Top of DATA UNDER STUDY

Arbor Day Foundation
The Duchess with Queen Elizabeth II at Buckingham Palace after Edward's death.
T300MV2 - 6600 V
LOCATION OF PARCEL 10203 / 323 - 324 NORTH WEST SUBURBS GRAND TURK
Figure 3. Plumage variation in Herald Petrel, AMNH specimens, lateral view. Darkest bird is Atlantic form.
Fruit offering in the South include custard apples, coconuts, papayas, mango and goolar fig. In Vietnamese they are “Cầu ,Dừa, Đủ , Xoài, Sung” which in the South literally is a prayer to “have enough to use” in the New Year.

Bottom of DATA UNDER STUDY
Top of DATA UNDER STUDY

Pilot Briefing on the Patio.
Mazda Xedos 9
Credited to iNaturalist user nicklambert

Bottom of DATA UNDER STUDY

_WHAT NEEDS TO BE DONE_: Considering only the material above, set down every line from the one with "The Duchess with" to the one with "Figure 3. Plumage", inclusive, exactly as written.

_EXERCISE RESPONSE_:
The Duchess with Queen Elizabeth II at Buckingham Palace after Edward's death.
T300MV2 - 6600 V
LOCATION OF PARCEL 10203 / 323 - 324 NORTH WEST SUBURBS GRAND TURK
Figure 3. Plumage variation in Herald Petrel, AMNH specimens, lateral view. Darkest bird is Atlantic form.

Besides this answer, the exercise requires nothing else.